Sorry this one's all mine!:arf:


----------



## LostGirl

When was she born? She's a beaut that's for sure!


----------



## shetlandlover

LostGirl said:


> When was she born? She's a beaut that's for sure!


21st April. x


----------



## shetlandlover

Tempo has her eyes open now 










:thumbup::thumbup::thumbup:


----------



## LostGirl

Omg!! shes gorgeous!

shes 8 days older then our kits hoping we get eyes open in the next 10 days ish


----------



## DKDREAM

LostGirl said:


> Omg!! shes gorgeous!
> 
> shes 8 days older then our kits hoping we get eyes open in the next 10 days ish


they open there eyes around 4.5 to 5 weeks usually


----------



## LostGirl

DKDREAM said:


> they open there eyes around 4.5 to 5 weeks usually


Yeah I Thought it was they are 4wks 3 days nows so this week/beginning of next cant wait!


----------



## lostbear

She is LOVELY! You lucky duck!

I've never heard of angora ferrets either, but I'm going to look them up.

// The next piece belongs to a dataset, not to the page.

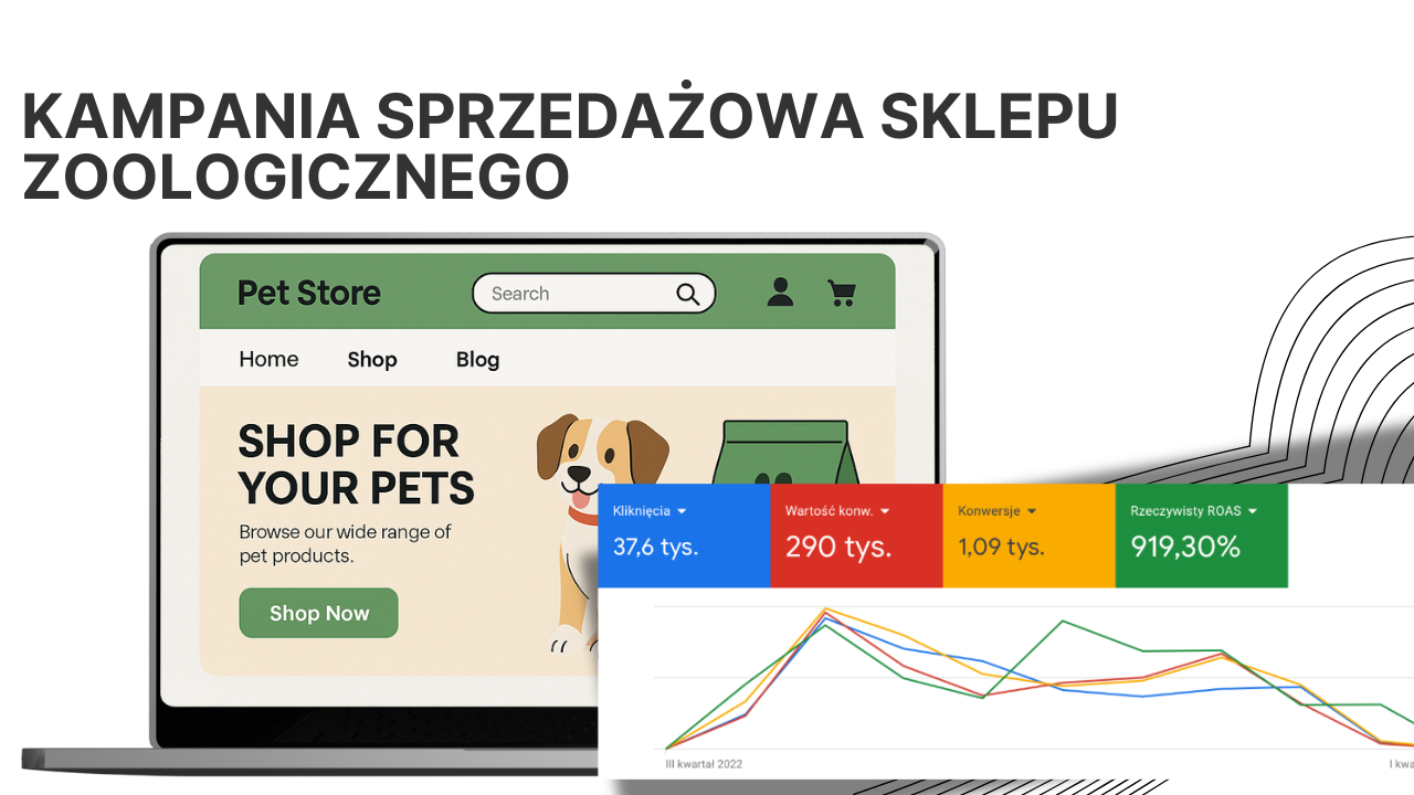 Dla naszego klienta z branży zoologicznej zaprojektowaliśmy kompleksową kampanię sprzedażową, której głównym celem było zwiększenie liczby konwersji oraz budowanie lojalności klientów. Dzięki synergii precyzyjnej strategii i skutecznych działań reklamowych osiągnęliśmy imponujące rezultaty:

I bet you can't wait to get her home.


----------



## LostGirl

lostbear said:


> She is LOVELY! You lucky duck!
> 
> I've never heard of angora ferrets either, but I'm going to look them up.
> 
> I bet you can't wait to get her home.


They are pretty, I never heard of them till last year when doing some reading, really gorgeous looking ferrets!


----------



## shetlandlover

Isn't she get big? I can't wait.


----------



## lostbear

Googled angoras and saw some pics - gorgeous!


----------



## James Q

Very gorgeous animal! I get my 2 this week!


----------



## Conny

I had to Google angora ferrets to know what they look like. ADORABLE!!!
Some of them are very big.


----------